ANSWER
As per the given question,
THANK YOU FOR THE QUESTION......KINDLY RATE....IT HELPS ME A LOT
Perez Company acquires an ore mine at a cost of $2,380,000. It incurs additional costs of...
Perez Company acquires an ore mine at a cost of $3,080,000. It incurs additional costs of $862,400 to access the mine, which is estimated to hold 2,200,000 tons of ore. 240,000 tons of ore are mined and sold the first year. The estimated value of the land after the ore is removed is $440,000. Calculate the depletion expense from the information given. Cost Salvage Amount Subject to depletion Total units of capacity Depletion per unit Units extracted and sold in...
Perez Company acquires an ore mine at a cost of $1,960,000. It incurs additional costs of $548,800 to access the mine, which is estimated to hold 1,400,000 tons of ore. 200,000 tons of ore are mined and sold the first year. The estimated value of the land after the ore is removed is $280,000. Calculate the depletion expense from the information given 1. & 2. Prepare the entry to record the cost of the ore mine and year-end adjusting entry...
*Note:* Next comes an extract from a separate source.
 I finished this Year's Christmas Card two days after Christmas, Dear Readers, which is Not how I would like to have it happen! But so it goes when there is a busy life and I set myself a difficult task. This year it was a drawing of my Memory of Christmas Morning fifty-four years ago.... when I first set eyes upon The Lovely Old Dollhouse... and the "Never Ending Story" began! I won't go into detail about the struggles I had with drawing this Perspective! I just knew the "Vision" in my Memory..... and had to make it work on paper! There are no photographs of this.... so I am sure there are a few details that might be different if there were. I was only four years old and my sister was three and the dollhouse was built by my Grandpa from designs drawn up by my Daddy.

Perez Company acquires an ore mine at a cost of $1,400,000. It incurs additional costs of $400,000 to access the mine, which is estimated to hold 1,000,000 tons of ore 180,000 tons of ore are mined and sold the first year. The estimated value of the land after the ore is removed is $200,000. Calculate the depletion expense from the information given. 1. & 2. Prepare the entry to record the cost of the ore mine and year-end adjusting entry.
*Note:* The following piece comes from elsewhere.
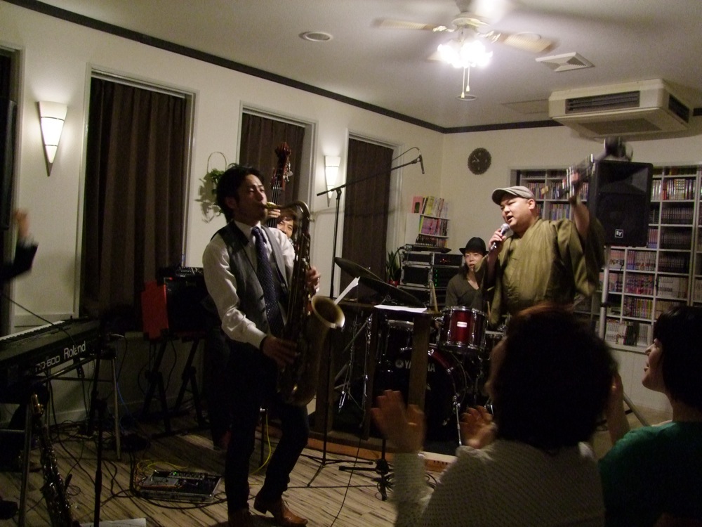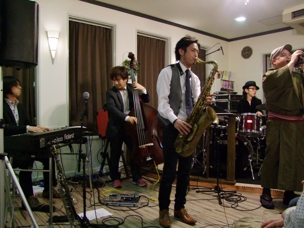 …ライブは18:30からの予定となっていましたが、お客さんは既に満杯の状態となっていて、こちらも気合が入るというものでした。流石、鳥取と言えば藤田家…という感じですが(笑)、こういった Cafe でのライブというのも、またいつもと違った雰囲気もあり、最初は探り探りの演奏になっていく事でしょう…。これはもう、自分達的に既に分かっていた事で、この共通の思いが、結果的にリラックスした演奏に繋がっていった事になるのです。

Perez Company acquires an ore mine at a cost of $1,400,000. It incurs additional costs of $400,000 to access the mine, which is estimated to hold 1,000,000 tons of ore 180,000 tons of ore are mined and sold the first year. The estimated value of the land after the ore is removed is $200,000. Calculate the depletion expense from the information given. 1. & 2. Prepare the entry to record the cost of the ore mine and year-end adjusting entry.
Untitled.pngPerez Company acquires an ore mine at a cost of $4,060,000. It incurs additional costs of $1,136,800 to access the mine, which is estimated to hold 2,900,000 tons of ore. 275,000 tons of ore are mined and sold the first year. The estimated value of the land after the ore is removed is $580,000. Calculate the depletion expense from the information given.1. & 2. Prepare the entry to record the cost of the ore mine and year-end adjusting entry.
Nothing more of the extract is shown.